Projected 2027 contribution limits: HSA self-only $4,500, HSA family $9,000, FSA $3,400. The HSA age 55+ catch-up stays at $1,000. The HSA's "triple tax advantage" — pre-tax contributions, tax-free growth, tax-free qualified withdrawals — makes it the most tax-favored account available, better than 401(k), IRA, or Roth IRA for those who can use it.
How to use this HSA vs FSA calculator
Select your HDHP coverage type (self-only or family — only matters for HSA limits), enter your age (55+ unlocks the $1,000 HSA catch-up), pick your federal marginal tax bracket, enter your state income tax rate, your planned contribution amount, and whether the contribution will be made via payroll deduction (which saves the 7.65% FICA tax) or direct deposit (no FICA savings).
The calculator shows total tax savings under HSA (federal + state + FICA where applicable) versus FSA (always payroll-deducted, so always saves FICA). It also displays the 2027 contribution limit applicable to you, plus a side-by-side feature comparison of rollover treatment, investability, account ownership, and qualifying expenses.
Which account is right for you?
Choose HSA if: you have access to an HDHP at work or via the marketplace, you can afford the higher HDHP deductible, you want a long-term retirement health-care fund, you're financially able to pay current medical expenses out of pocket (letting HSA invested balances grow), or you're a high earner who has maxed other tax-advantaged accounts. The HSA is the only account that combines pre-tax in, tax-free growth, and tax-free out.

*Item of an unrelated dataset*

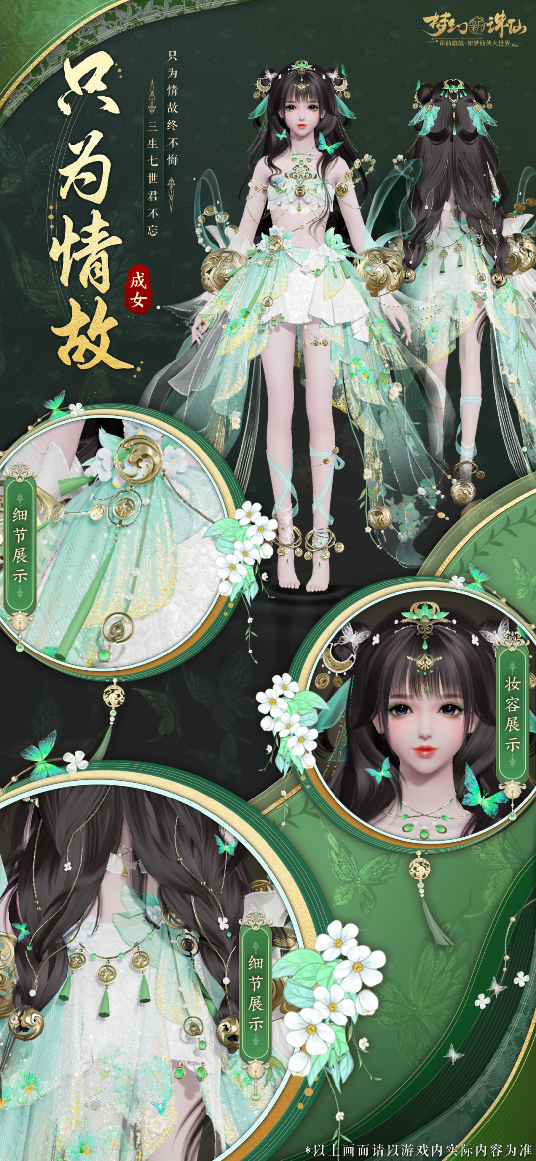 道友们好呀~ 寒露洁秋空,遥山纷在瞩。 今日是寒露节气,它的到来,也标志着深秋的开始。 在神州浩土如何度过一个丰盈的金秋?让我们先从一套全新时装开始吧! *开发中画面,不代表最终游戏实装品质 全新金秋时装·只为情故,女装轻盈飘逸,男装沉稳内敛,展现了东方古典美的独特韵味与美丽。 “只为情故”,受《诛仙》中合欢铃与噬魂棍两大武器的拟人化灵感启迪,金秋重阳之际,精心重现那段绝美非凡的故事篇章,将爱情与相思完美融合,让感动与温暖永存。 时装·只为情故 三生七世君不忘,只为情故终不悔。 故梦重寻 重阳之日,青云后山秋风萧瑟,枫叶如火。 不经意间,发现噬魂棍旁挂着的精致饰物,它轻轻摇曳,铃声清脆,似是合欢铃再现眼前,唤醒了鬼厉心中深藏的记忆。 霎时间,手中的合欢铃突然铃声大作,光芒四射,幻化成碧瑶的身影,如梦如幻。 成女时装展示 长发披肩而下,发间的蝴蝶更添一份灵动。合欢铃清脆作响,讲述了一段动人的故事。裙身以细腻的丝绸织就一抹清新的绿色,轻盈飘逸,金色的花纹若隐若现,如同阳光下的光影。似是仙子下凡,不失细腻与柔美。 成男时装展示 以独特的红色和黑色为主色调,营造出一种神秘而强大的氛围。长袍以深红色为主,如同夜色中的火焰,既炽热又充满力量。黑色的盔甲,如同深渊中的暗流,为整体增添了一抹沉稳与内敛。不仅体现出刚毅与果敢,更暗含了对爱情的深沉与执着。 少女时装展示 绿色和白色交织,给人一种清新自然的感觉,裙摆随着步伐轻轻摆动,如同水面上荡起的涟漪,优雅而迷人。点缀的伤心花和蝴蝶,更是将甜美与可爱展现得淋漓尽致。金色的合欢铃轻轻摇曳,发出悦耳的声音,为整体造型更添动感与活力。 少男时装展示 深红色的火焰纹样在黑色的绸缎上跃动,仿佛随时都会燃烧起来,带来无尽的热情与活力。而腰间金色的细节则如同点睛之笔,增添了几分高贵与奢华。设计复杂而精细,每一处细节都透露着匠人的用心,整体既充满了力量感,又不失细节之美。 幻影重逢 碧瑶幻化成一抹碧色倩影,仿佛从记忆中走出,带着一抹不可触及的温柔。此刻,噬魂棍也化作一道黑色人影,与碧瑶遥相呼应。 两个神兵聚集灵气,似乎有着某种神秘的联系,共同编织着一个只属于他们的结界。 幻影如烟,唯余铃声回荡,合欢铃和噬魂棍静默相对,满是无尽思念。 原色效果一览 染色效果抢先看 染色色号参考: 成女粉白 头: #E5D9C6 #C5C5C5 #808080 衣: #FF71A4 #615868 #FFFFFF #FFFFFF #9B9B9B #FFFFFF 成女黑白 头: #FFFFFFF #EDEDED #000000 衣: #000000 #FFFFFF #000000 #FFFFFF #FFFFFF #FFFFFF 成男蓝白 头: #9095D4 #AEAEAE #9FAAB4 衣: #C5C5C5 #8A94AF #FFFFFF #9FA6B9 #FFFFFF #B0B0B0 成男黑紫白 头: #FFFFFF #939393 #97C9FF 衣: #000B5D #FFFFFF #818181 #5A4B64 #62647D #545454 少女黑绿 头: #FFFFFF #121B1B #111B1F 衣: #030606 #000000 #000000 #0D1212 #090A0A #0C0D0F 少女红白 头: #E6CFCF #EEEEEE #FFFFFF 衣: #390000 #FFFFFF #FFFFFF #270410 #999999 #A6A6A6 少男蓝黑 头: #DADCF7 #444159 #939393 衣: #000000 #37334B #464659 #000000 #33313C #000000 少男白灰 头: #FFFFFF #FFFFFF #71798A 衣: #232225 #FFFFFF #85838C #E3E2E2 #2F2E31 #CDCDCD 妆容展示 梦回往昔 歌声回荡在山谷间,每一个音符都承载着无尽的思念与眷恋。 两个身影逐渐变得模糊,最终消散于无形,只留下噬魂棍与合欢铃静静地躺在原地,见证了一场无法触及的梦回往昔。他和她,终究只能活在彼此的记忆里,于重阳之日,共赴一场思念之旅。 背饰展示 背饰·噬魂棍 金铃清脆嗜血误,一生总被痴情诉。 背饰·合欢铃 金铃清脆嗜血误,一生总被痴情诉。 飞剑展示 飞剑·清铃音 铃铛咽,百花凋,人影渐瘦鬓如霜。 寒露 今天的霓裳分享就到这里结束啦!是谁迫不及待要在神州浩土cos一段相思爱恋了~ 更多官方动态,请继续锁定叶子猪《梦幻新诛仙》官方合作专区。 编辑:叶子猪小秘书

Choose FSA if: you can't or don't want an HDHP, you have predictable annual medical expenses you'd pay anyway (orthodontia, scheduled procedures, regular dental work, vision), or your employer doesn't offer HDHP+HSA. FSA is "less powerful but still useful" — the FICA savings alone on a maxed $3,400 contribution is ~$260/year, and federal+state income tax savings can push total tax savings above $1,000.
Have both: if your employer offers a Limited Purpose FSA (LPFSA) alongside HDHP+HSA, you can max BOTH — using LPFSA for predictable dental and vision (preserving HSA for retirement) and HSA for everything else. This is the most powerful combination available to most W-2 employees.